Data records
□ □ □ □

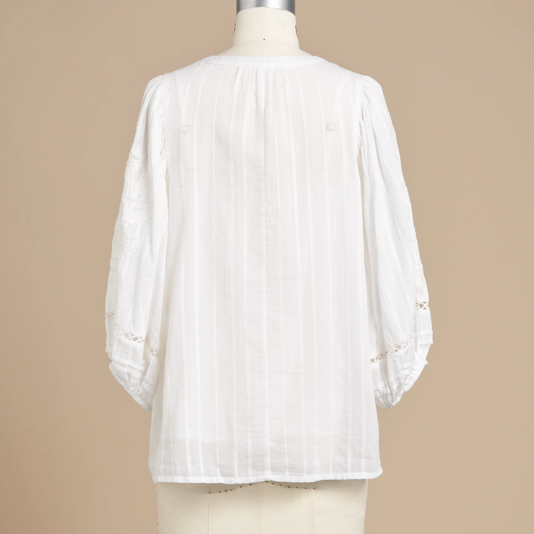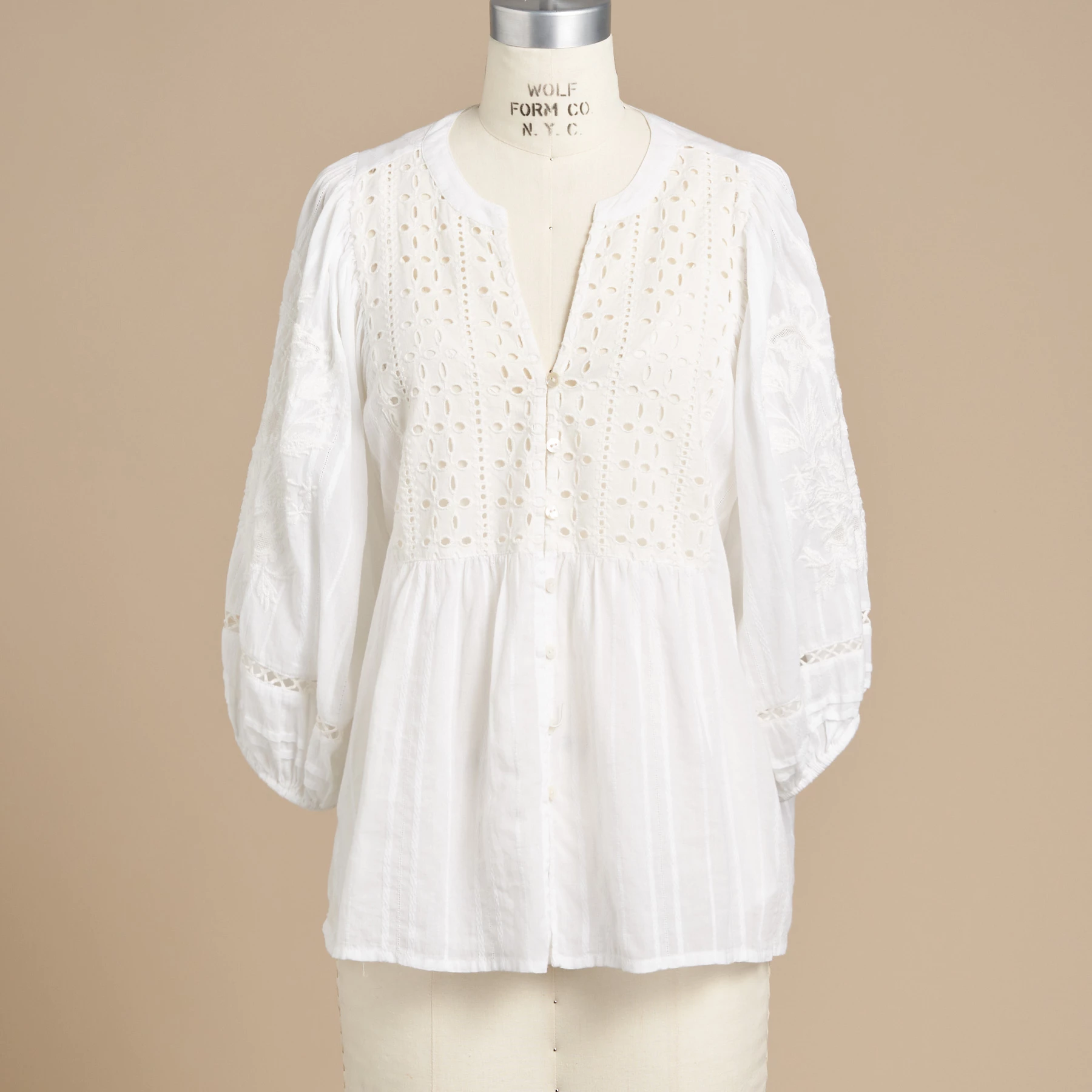 You’ll adore the detail in this beautiful, tonal-striped, cotton dobby top. With pintucks, ladder lace, an eyelet bib, tonal embroidery on sleeves and shell button henley placket. Elbow-length elastic sleeves. Hand wash. Imported. Exclusive. Sizes XXS (00), XS (0 to 2), S (4 to 6), M (8 to 10), L (12 to 14), XL (16 to 18). Approx. 23″L.
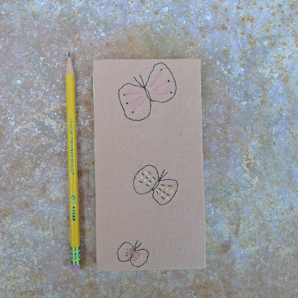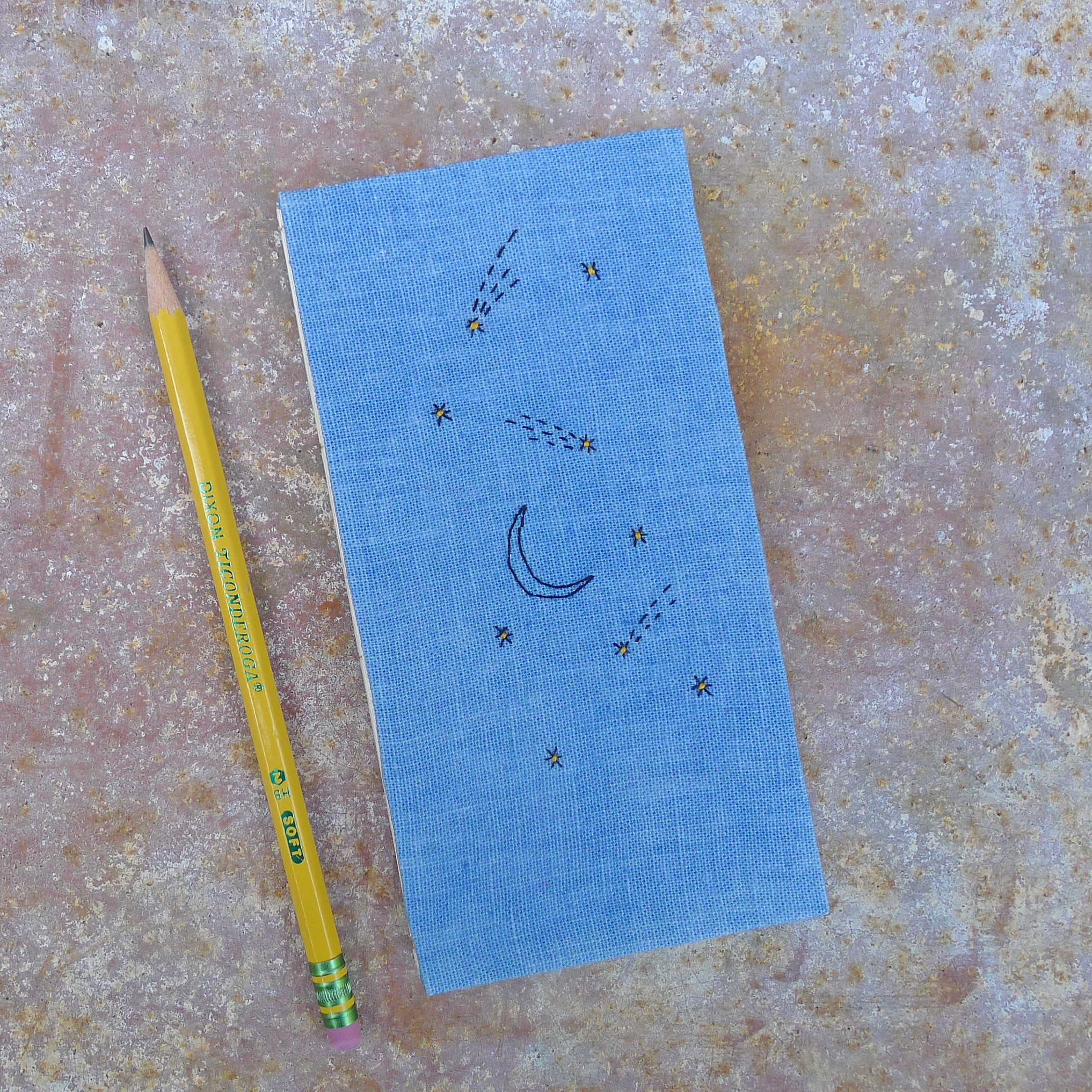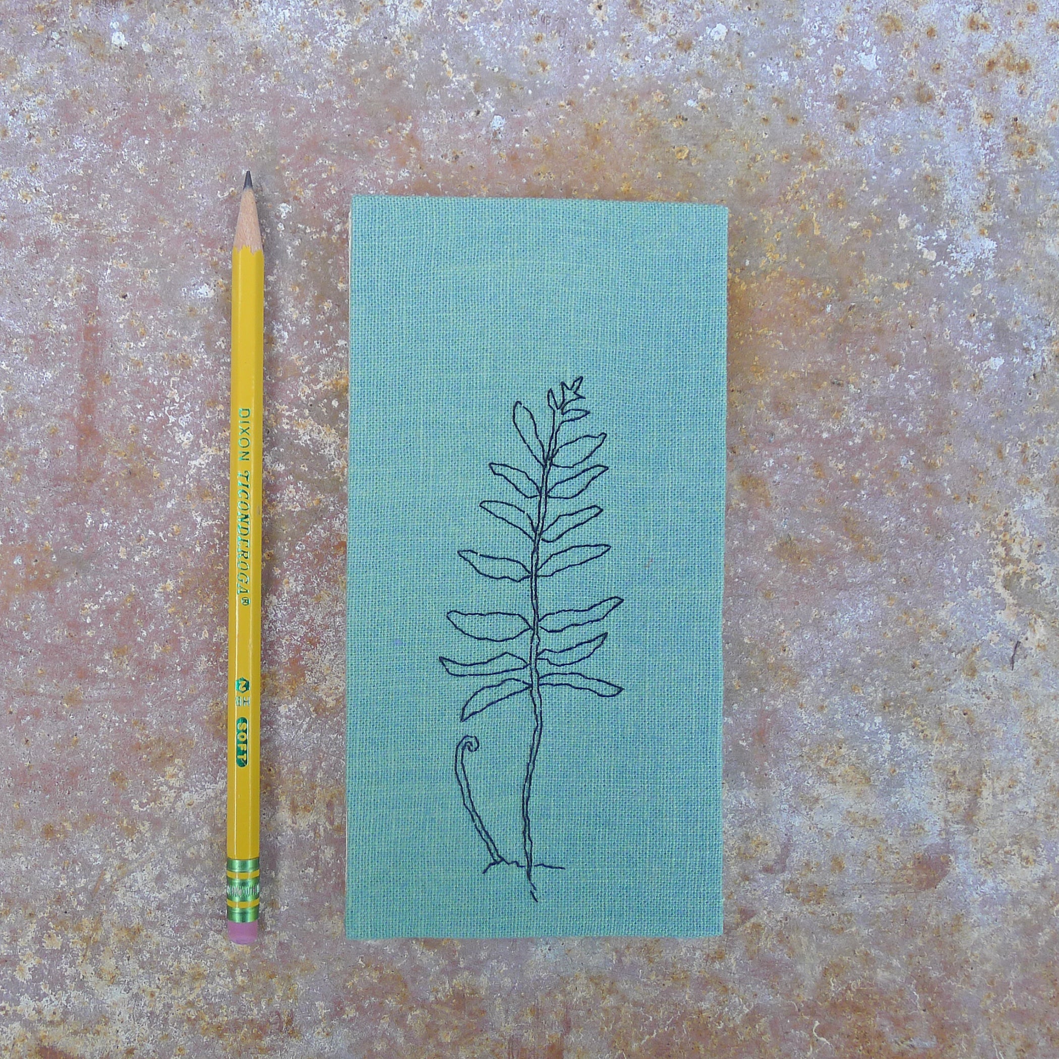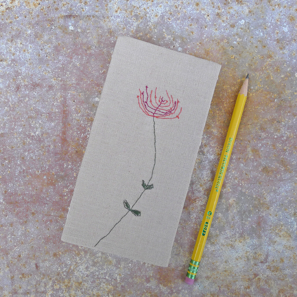 This book is meant to be used. When we have beautiful things made by hand, we are more likely to use them in a meaningful way. I begin by hand-tearing soft white, unlined, acid-free, 80# text paper that is ideal for drawing and writing with pen or pencil. The exposed spine stitching allows the book to lay flat when it is open. This red book is covered with organic cotton/hemp fabric that is plant-dyed with madder root in small batches, so there is variation within each color. The cover features a hand-embroidered heart. Contains 104 pages and measures 3.25 x 6.25”. |
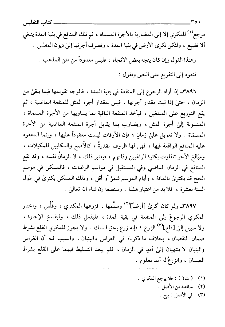 3896 - إذا أراد الرجوع إلى المنفعة في بقية المدة، فالوجه تقويمها فيما يبقى من الزمان، حتى إذا ثبت مقدار أجرتها، قيس بمقدار أجرة المثل للمنفعة الماضية، ثم يقع التوزيع على المبلغين، فيأخذ المنفعة الباقية بما يساويها من الأجرة المسماة، المنسوبة إلى أجرة المثل، ويضارب بما يقابل أجرة المنفعة الماضية من الأجرة المسمّاة. ولا تعويل على زمانٍ؛ فإن الأوقات ليست معقوداً عليها، وإنما المعقود عليه المنافع الواقعة فيها، فهي لها ظروف مقدرةٌ، كالآصع والمكاييل للمكيلات، ومبَالغ الأجر تتفاوت بكثرة الراغبين وقلتهم، فيعتبر ذلك، لا الزمانُ نفسه، وقد تقع المنافع في الزمان الماضي وفي المستقبل في مواسم الرغبات، فالمسكن في موسم الحج قد يكترى بالمائة، وأيام الموسم شهرٌ أو أقل، وذلك المسكن يكترى في طول السنة بعشرة، فلا بد من اعتبار هذا. وسنصفه إن شاء الله تعالى.
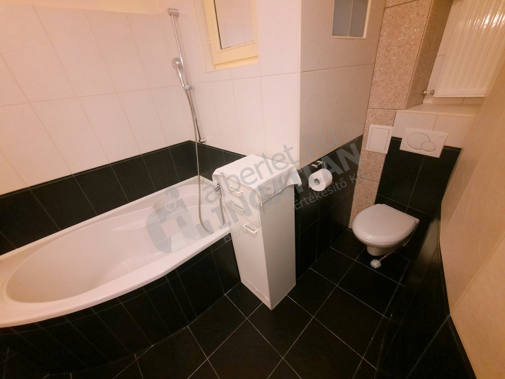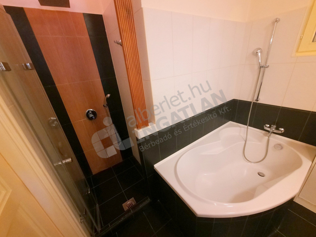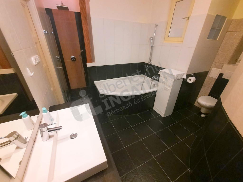 Tágas fürdőszoba, melyben WC, fürdőkád és zuhanyzó is van, plusz külön WC kézmosóval.
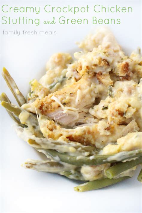 Creamy Crockpot Chicken Stuffing and Green Beans - Family from
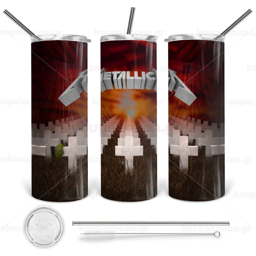 Metallica master of puppets cover, Tumbler ποτήρι θερμό από ανοξείδωτο ατσάλι 600ml, με μεταλλικό καλαμάκι & βούρτσα καθαρισμού
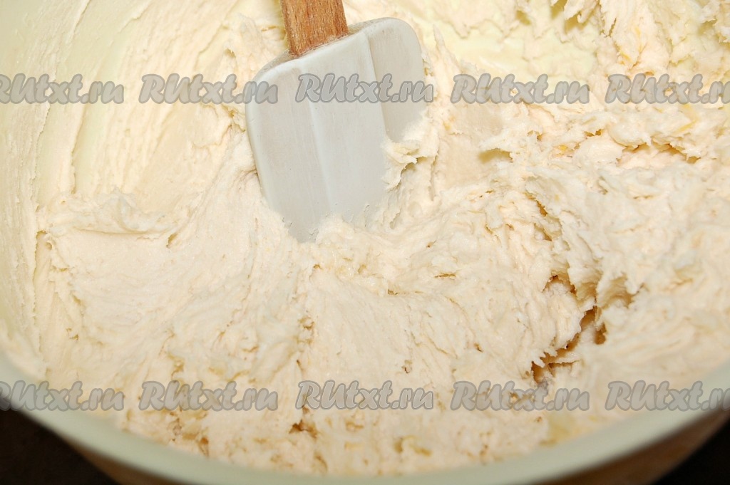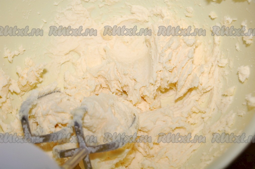 Соединить в миске сливочное масло и сахар. Сливочное масло должно быть комнатной температуры. Взбить масло с сахаром миксером до состояния пышности.
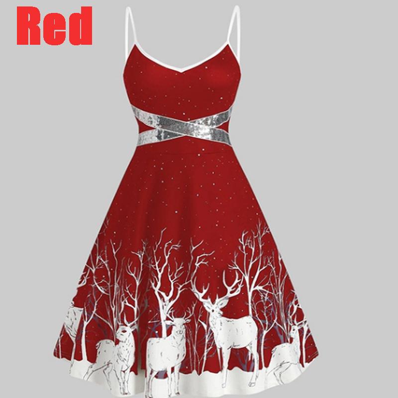 Рождественский принт с пайетками в стиле пэчворк, платье без рукавов, Санта-Клаус, рождественский олень, белое праздничное платье из лося S красный
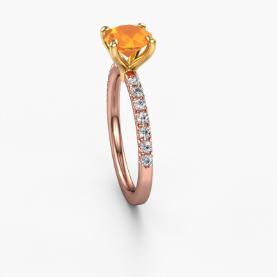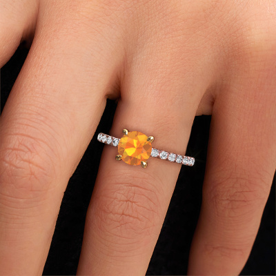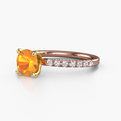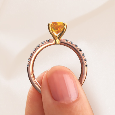 The ring shown above is called the Crystal RND 2. We call this type of ring a pavé solitaire ring because it has one center gemstone and a band that is also pave set with gemstones. The 14 Carat rose gold engagement ring is set with a round 7 mm citrin center stone and the band is pave set with lab-grown diamond gemstones. Each jewel is unique in every way! Simply customize to your liking,This classic rose gold pavé solitaire engagement ring has an exquisite round citrin center stone. To further accentuate the center stone, the band is fully set with more lab grown diamonds. Its open prong setting allows light to strike the citrin from various angles and this adds sparkle to your citrin ring. The photo shown above depicts the goldsmith's carefully handcrafted details of the ring. The high positioning of the center stone is truly eye-catching. The perfect engagement ring for the crown jewel of your life! After receiving your order, our goldsmiths will start the creative process of making your Crystal RND 2 engagement ring. We don't keep stock. This is advantageous because these costs will not be passed on to you. Therefore, we can offer jewelry at exceptionally low prices.Different styles of new rings are made daily by our team. Perhaps you have found a pavé solitaire engagement ring somewhere. One you would like to give to your loved one. Please feel free to share your thoughts and design with our jewel designers. We would love to turn your design into a classic engagement ring. You can follow the development of your ring design because we use very detailed 3D drawings. On top of that, you can order a dummy of the design. A dummy is a plastic ring, which can be shaped according your ring design. You can try it on and check if the engagement ring is up to standard. We will gladly send you a non-binding offer, based on a fair price/ quality ratio. The offer will baffle you, considering the quality of the ring and gemstones.To make it easier for you, we offer a 30 day return policy. Check our terms and conditions.

□ □ □ □

Required action >> Copy nothing but the lines above from the one with "Tágas fürdőszoba, melyben" to the one with "Рождественский принт с", inclusive, word for word. Leave every picture out.

Written solution >>
 Tágas fürdőszoba, melyben WC, fürdőkád és zuhanyzó is van, plusz külön WC kézmosóval.
 Creamy Crockpot Chicken Stuffing and Green Beans - Family from
 Metallica master of puppets cover, Tumbler ποτήρι θερμό από ανοξείδωτο ατσάλι 600ml, με μεταλλικό καλαμάκι & βούρτσα καθαρισμού
 Соединить в миске сливочное масло и сахар. Сливочное масло должно быть комнатной температуры. Взбить масло с сахаром миксером до состояния пышности.
 Рождественский принт с пайетками в стиле пэчворк, платье без рукавов, Санта-Клаус, рождественский олень, белое праздничное платье из лося S красный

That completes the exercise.